Milton, this really hits the mark in our fame-obsessed society. I love the poem and your ‘awesomely bald’ story. What a wonderful definition of being famous.
We have just started another series of the Big Brother reality TV show in the UK, and it is impossible to escape from headlines about it. Millions of people watching.
I attract a certain amount of teasing because I refuse to watch BB and I refuse to read tabloid newspapers. I’m sure people think I am ‘holier than thou’ and that I read them on the quiet. But I really don’t. I think they’re intrinsically harmful, and they detract from important issues.
And before I climb down off my soapbox, I also agree with your question about why is no-one busting the club owners.
In the UK we have a really serious problem with binge drinking, costing hundreds of thousands in damages, police time, hospital time etc., not to mention the damage to the lives of the individuals. And yet it always used to be the case that if a pub landlord realised someone had had too much to drink, they would stop serving them. I’m not saying that the responsibility doesn’t also lie with the drinkers themselves, but surely the bartenders must share in it.
Oh well, off to be famous to my lunch.
Yep, definitely awesome.
Great story about the homeless guy and your awesomeness. And Naomi Shihab Nye is famous at my house any day.
Milton – in my book, people are famous when they MATTER. I tell my kids all the time that I am famous, that they are famous, that what matters is that you MATTER and that you make a differnce.
So, guess what? YOU are famous! REALLY famous! Awesomely famous – and awesomely bald! Could life possibly get any better?
Beth
I think that’s why Lohan’s not so unique story is so sad to me. She seems to think she has to live outrageously (or spend $49,000 a month on rehab) to prove she’s famous. She doesn’t know that she, like all of us, matter because we’re breathing.
Peace,
Milton
I find it a curious counterpoint that those of us in real life who are truly famous for things of our inherent goodness find longer lasting appreciation than those who crash and burn in headlines, becoming a common kind of famous for behavior that is neither good nor unique. Society seems to reward with the material those who go for the common behaviors.

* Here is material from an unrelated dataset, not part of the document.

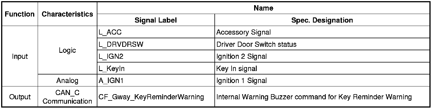 If driver opens the driver side door and go away from the car during key is inserted or ACC state, a sound warning reminds a driver that key has to be taken off or ACC state has to be changed to Off state.
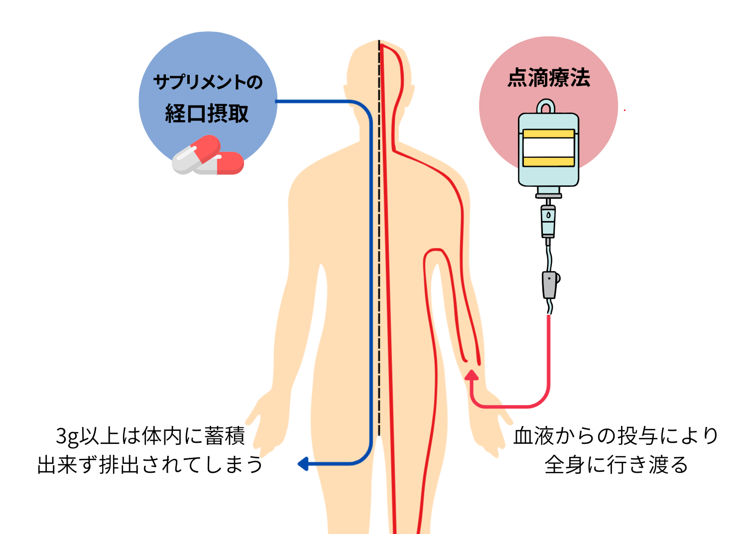 しかし、点滴はビタミンCを直接静脈内に投与するため、有効成分が全身の隅々の細胞まで行き渡り、経口摂取の約20~50倍という非常に高い血中濃度を実現します。

Tends to underline the old quote that you can tell what God thinks of money by looking at those who have it.
And I understand that the underaged “icons” are more than welcome in night time establishments because they bring in the crowds. They get around the ‘illegal serving of a minor’, by turning a blind eye when said underaged star’s of age hired hand orders the drinks and then hands them over.
Love this post.
I ran into John Lewis at Costco today and a part of me wanted to 1) go up to him and say “Thank You” for devoting his life to good things or 2) check out what was in his cart. (Lots of bottled water.)

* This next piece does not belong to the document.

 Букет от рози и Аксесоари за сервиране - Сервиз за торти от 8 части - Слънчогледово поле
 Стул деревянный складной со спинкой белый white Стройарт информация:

Anyway, I let him shop in peace. But he is also as famous as a buttonhole.
We’ve been on holiday for two weeks, and while we were gone I purposely checked out of most media – no CNN, daily paper, etc. Now we’re home, and though I’m anxious to catch up with what’s happening in Iraq, Washington, etc., I find I haven’t missed the latest gossip at all. Sadly, much of what passes for news right now is gossip, and none of it helps. Luther once said that the commandment against false witness wasn’t only about lying; he said “we should fear and love God, so that we do not lie about, slander or deceive our neighbor, but defend him, speak well of him, and interpret everything he says in the best possible way” (sic). I’d like to see more of this in our media.
By the way, I’m KICKING myself this morning – we were in Boston and I never emailed you to see if we could meet! Grrrr.